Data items
Content starts

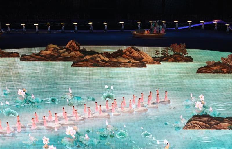 9月23日,演员在开幕式上表演。当日,第19届亚洲运动会开幕式在杭州举行。新华社记者 杨磊 摄
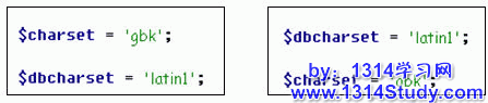 注:左图为 Discuz!5.0 的config.inc.php 中的论坛字符集和数据库字符集的配置;
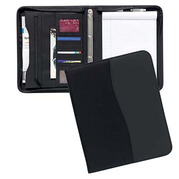 Zipped 600D Polyester A4 conference folder with 4 ring binder and various pockets. Accessories include writing pad and ballpoint pen. Great for travelling business executives and professionals.
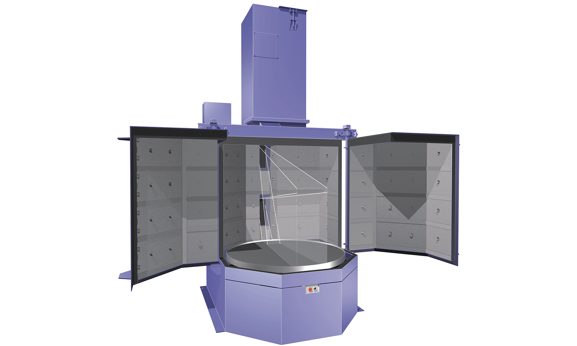 Swing table machines from Wheelabrator Group offer low cost flexibility in your shot blast operations. Whether you are cleaning castings, forgings, flame cut shapes, or weldments, the range of applications is almost endless. Parts or components loaded onto the door mounted table outside the cabinet. With the parts loaded & the door closed, the parts rotate in front and below the blast wheels during the blast cycle and are cleaned from multiple angles. Larger work pieces, fragile parts with protrusions or thin sections that are easily broken can be handled with the table design. The optional second door increases the production efficiency by allowing parts to be loaded or unloaded while work is being blasted inside the cabinet.
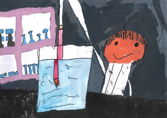 私は実験が大好きです。小学校の理科室で、水に入れた鉛筆が折れて見える様子を描きました。
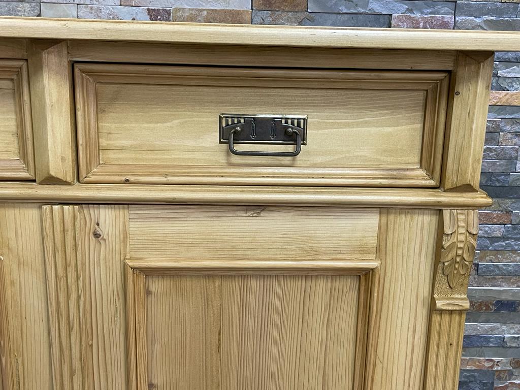 Ein schönes Vertiko im Landhaus Stil aus Massivholz. Im Inneren befinden sich zwei Regalböden auf einer verstellbaren Zahnleiste. Das Vertiko ist mit einen natürlichen antikwachs behandelt und aufpoliert. Dieses Möbelstück wurde nach traditionellen Vorgaben aus Altholz gebaut. Ein schöner Schrank aus Massivholz. Die vorhandenen Gebrauchspuren haben einen antiken Charakter und sind bewusst gewollt. Mit Schubladen und alten Beschlägen. Das Weichholz Vertiko ist im angesagten Landhausstil und hinterlässt überall in Ihrem Haus einen prägenden Eindruck. Vertiko Weichholz gewachst und aufpoliert Anlieferung aufgebaut, nicht zerlegbar Abmessungen: H/B/T- ca. 140/100/45 cm
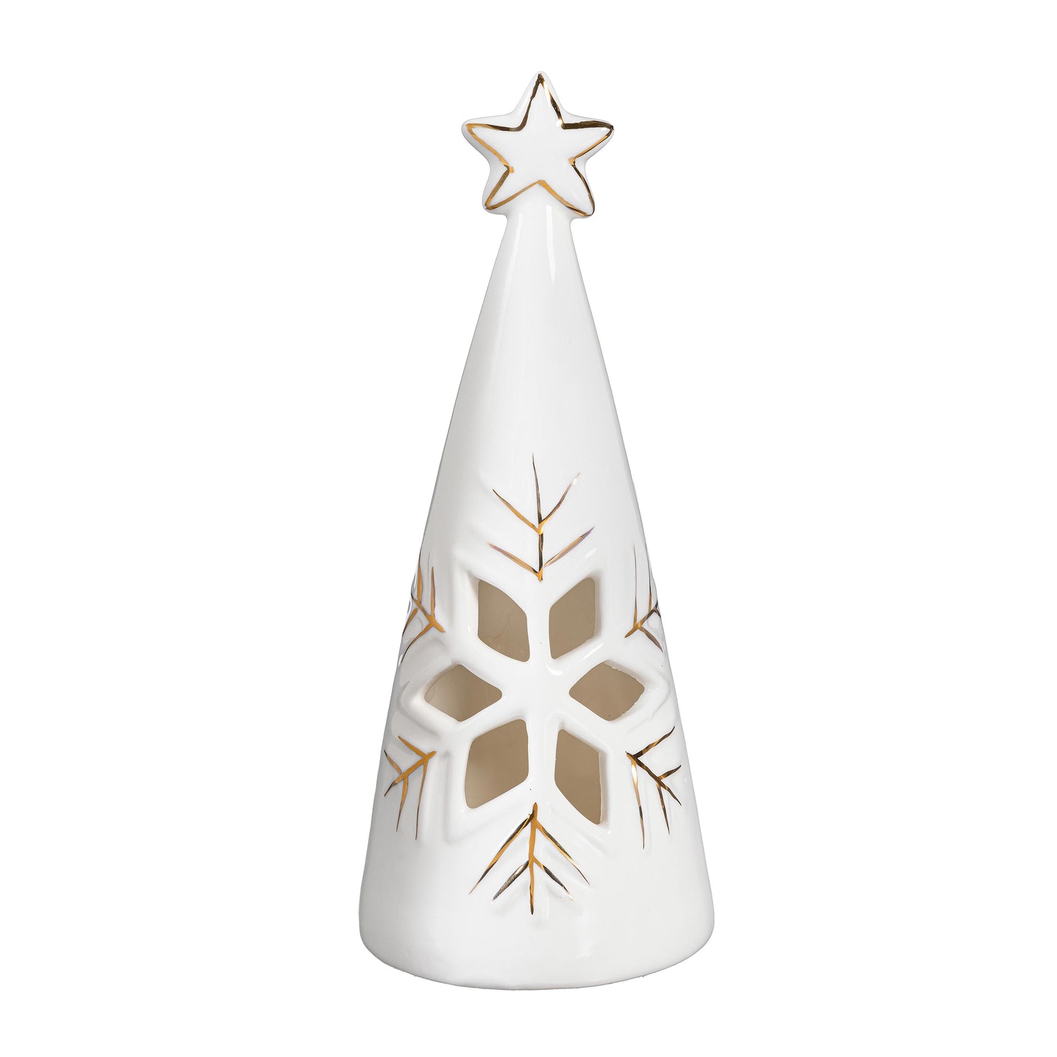 Season to Sparkle LED Table Decor Ceramic Christmas Tree with Snowflake Cut Out, Set of 2
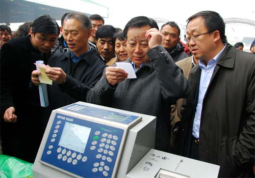 由商务部市场秩序司常司长带领的商务部领导、来自全国二十个试点城市商务局领导、江苏省试点城市商务局领导等一行一百六十余人,齐聚无锡。他们先后在无锡肉类、蔬菜等重要批发、零售单位进行现场考察和项目进展督查。
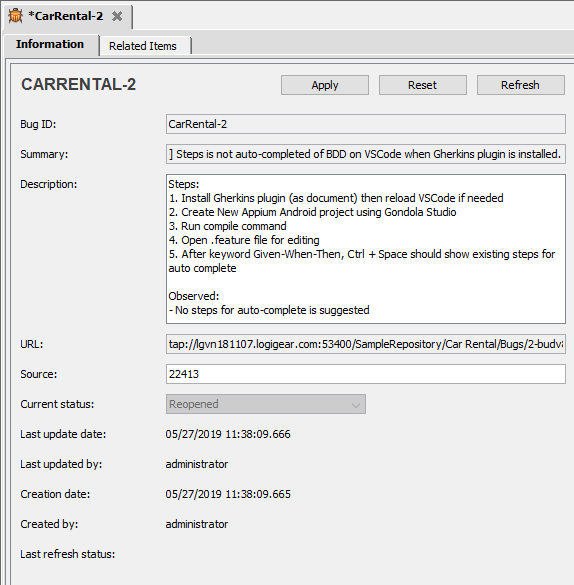 A registered bug is created and appears in the main panel. The fields of the Information tab below are explained in TA bug information.
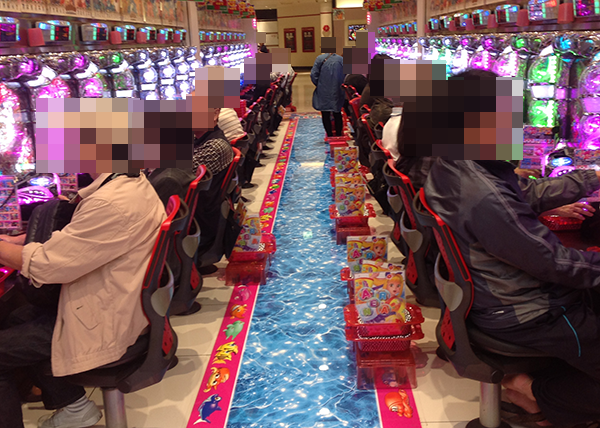 開店直後の4円パチンコでは、海物語シリーズが最も人気。
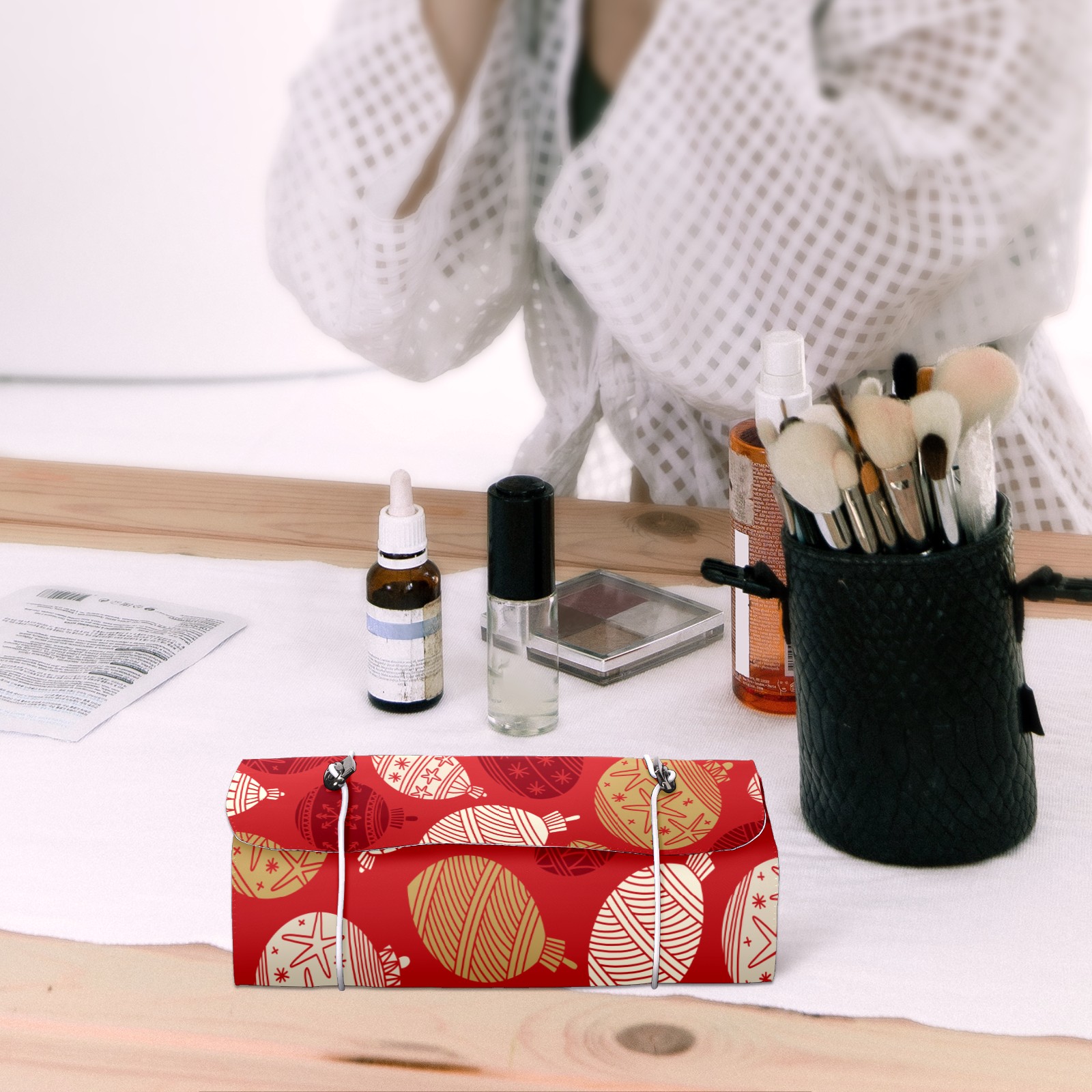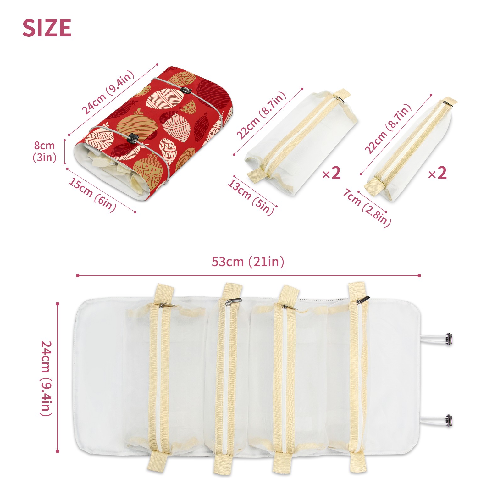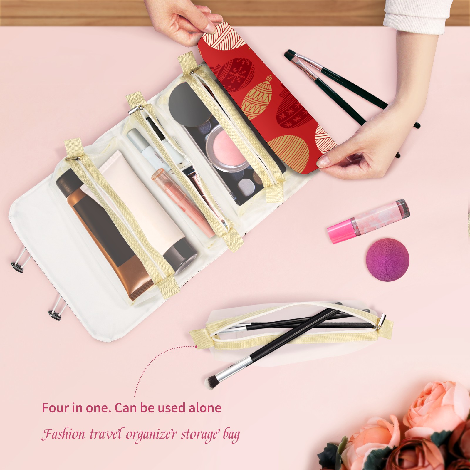 Makeup Bag Organizer Toiletry Bags for Traveling Travel Makeup Organizer Make Up Case Roll Up Toiletry Bag Makeup Bag Red Christmas Decoration Balls-01 Travel Cosmetic Bag
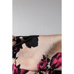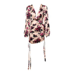 • Laneus Pink Floral Silk Long Sleeves V-neck Ruched Mini Dress
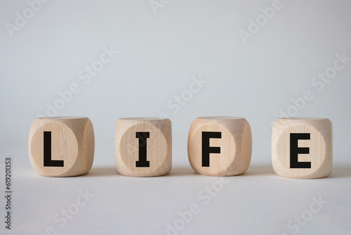 Life symbol. Concept word Life on wooden cubes. Beautiful white background. Business and Life concept. Copy space.
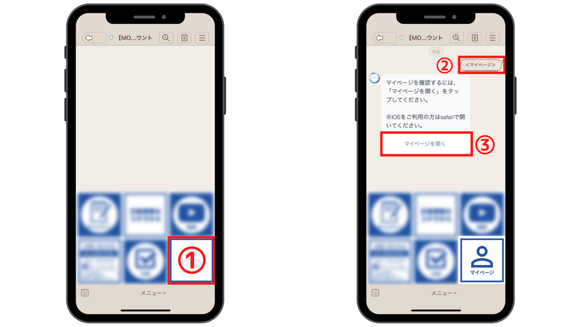 ① リッチメニューに設置したマイページ呼び出し用のボタンをタップする
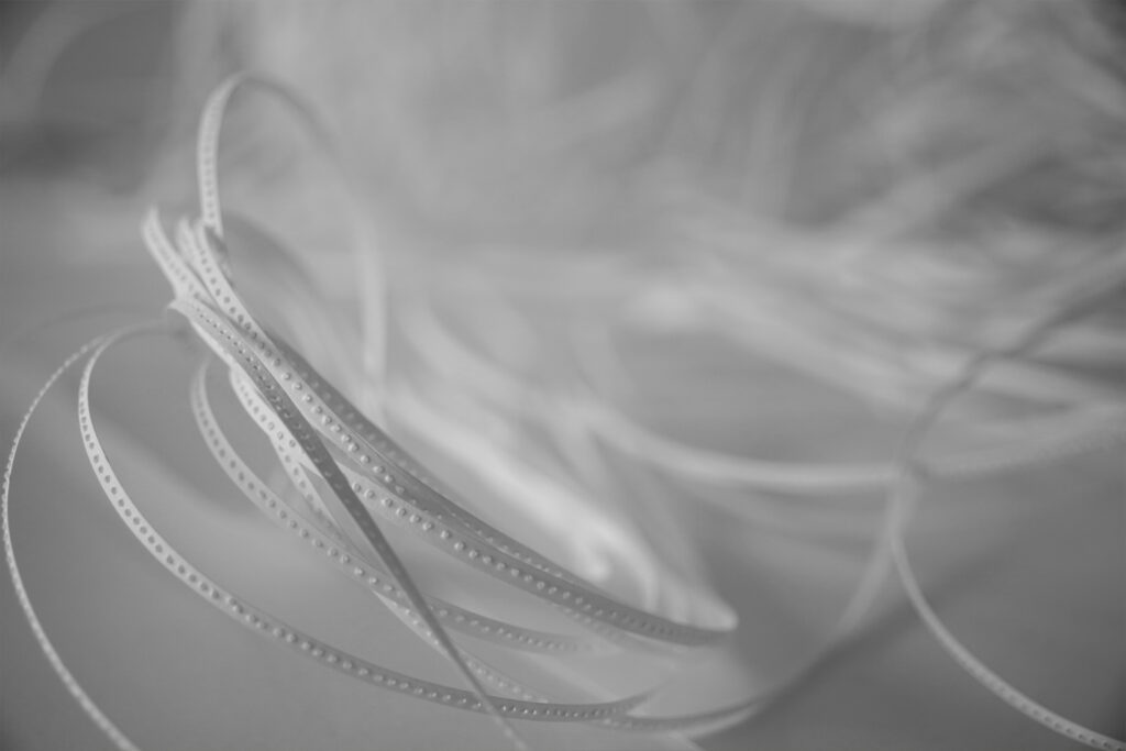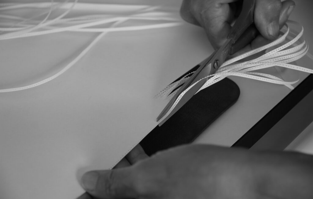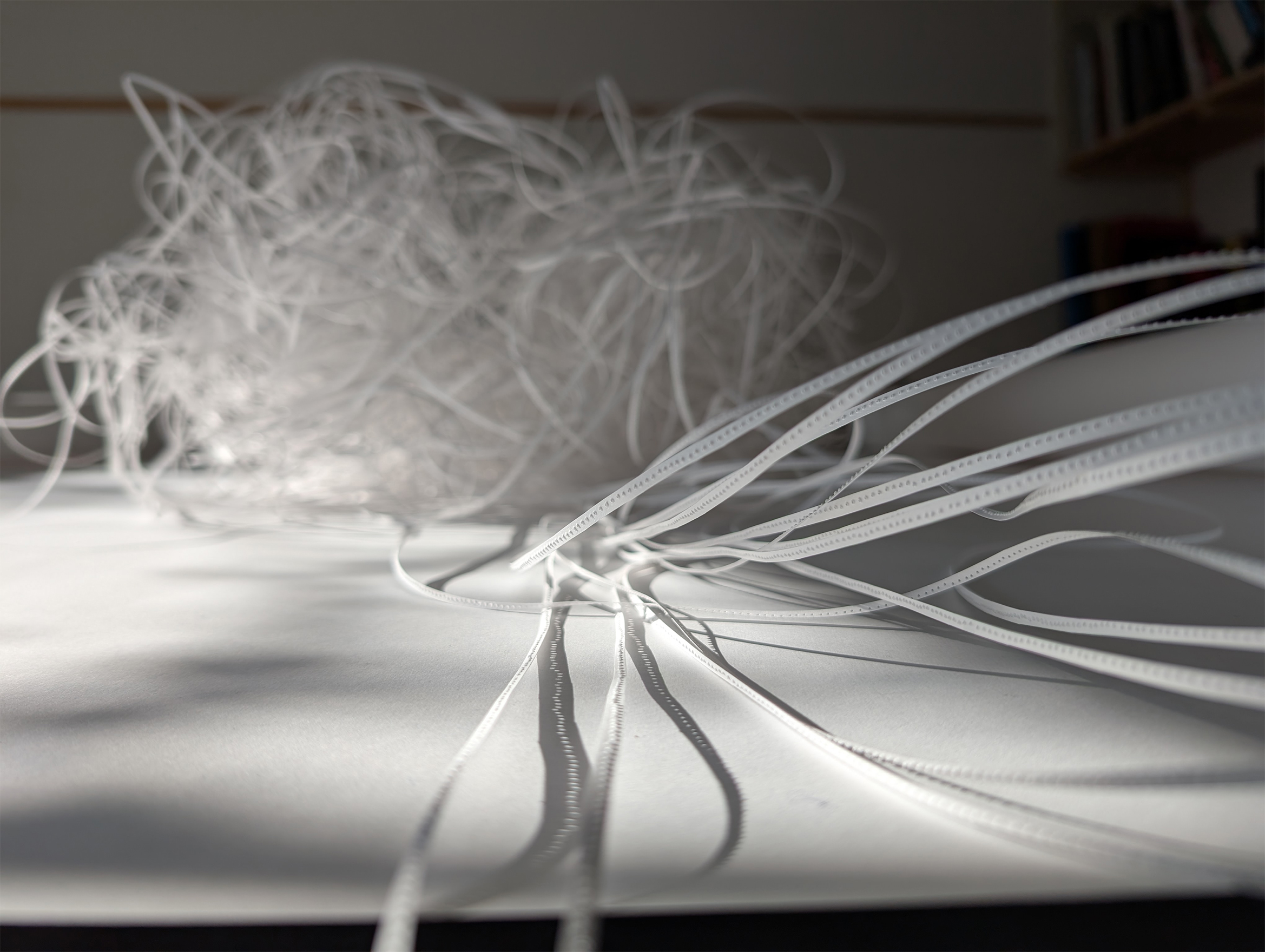 The strips of paper resemble discarded off-cuts, referencing data degradation, misinterpretation and instability.

Content ends

Your output must match the records word for word, apart from the images, which are left out.

### Expected output
 9月23日,演员在开幕式上表演。当日,第19届亚洲运动会开幕式在杭州举行。新华社记者 杨磊 摄
 注:左图为 Discuz!5.0 的config.inc.php 中的论坛字符集和数据库字符集的配置;
 Zipped 600D Polyester A4 conference folder with 4 ring binder and various pockets. Accessories include writing pad and ballpoint pen. Great for travelling business executives and professionals.
 Swing table machines from Wheelabrator Group offer low cost flexibility in your shot blast operations. Whether you are cleaning castings, forgings, flame cut shapes, or weldments, the range of applications is almost endless. Parts or components loaded onto the door mounted table outside the cabinet. With the parts loaded & the door closed, the parts rotate in front and below the blast wheels during the blast cycle and are cleaned from multiple angles. Larger work pieces, fragile parts with protrusions or thin sections that are easily broken can be handled with the table design. The optional second door increases the production efficiency by allowing parts to be loaded or unloaded while work is being blasted inside the cabinet.
 私は実験が大好きです。小学校の理科室で、水に入れた鉛筆が折れて見える様子を描きました。
 Ein schönes Vertiko im Landhaus Stil aus Massivholz. Im Inneren befinden sich zwei Regalböden auf einer verstellbaren Zahnleiste. Das Vertiko ist mit einen natürlichen antikwachs behandelt und aufpoliert. Dieses Möbelstück wurde nach traditionellen Vorgaben aus Altholz gebaut. Ein schöner Schrank aus Massivholz. Die vorhandenen Gebrauchspuren haben einen antiken Charakter und sind bewusst gewollt. Mit Schubladen und alten Beschlägen. Das Weichholz Vertiko ist im angesagten Landhausstil und hinterlässt überall in Ihrem Haus einen prägenden Eindruck. Vertiko Weichholz gewachst und aufpoliert Anlieferung aufgebaut, nicht zerlegbar Abmessungen: H/B/T- ca. 140/100/45 cm
 Season to Sparkle LED Table Decor Ceramic Christmas Tree with Snowflake Cut Out, Set of 2
 由商务部市场秩序司常司长带领的商务部领导、来自全国二十个试点城市商务局领导、江苏省试点城市商务局领导等一行一百六十余人,齐聚无锡。他们先后在无锡肉类、蔬菜等重要批发、零售单位进行现场考察和项目进展督查。
 A registered bug is created and appears in the main panel. The fields of the Information tab below are explained in TA bug information.
 開店直後の4円パチンコでは、海物語シリーズが最も人気。
 Makeup Bag Organizer Toiletry Bags for Traveling Travel Makeup Organizer Make Up Case Roll Up Toiletry Bag Makeup Bag Red Christmas Decoration Balls-01 Travel Cosmetic Bag
 • Laneus Pink Floral Silk Long Sleeves V-neck Ruched Mini Dress
 Life symbol. Concept word Life on wooden cubes. Beautiful white background. Business and Life concept. Copy space.
 ① リッチメニューに設置したマイページ呼び出し用のボタンをタップする
 The strips of paper resemble discarded off-cuts, referencing data degradation, misinterpretation and instability.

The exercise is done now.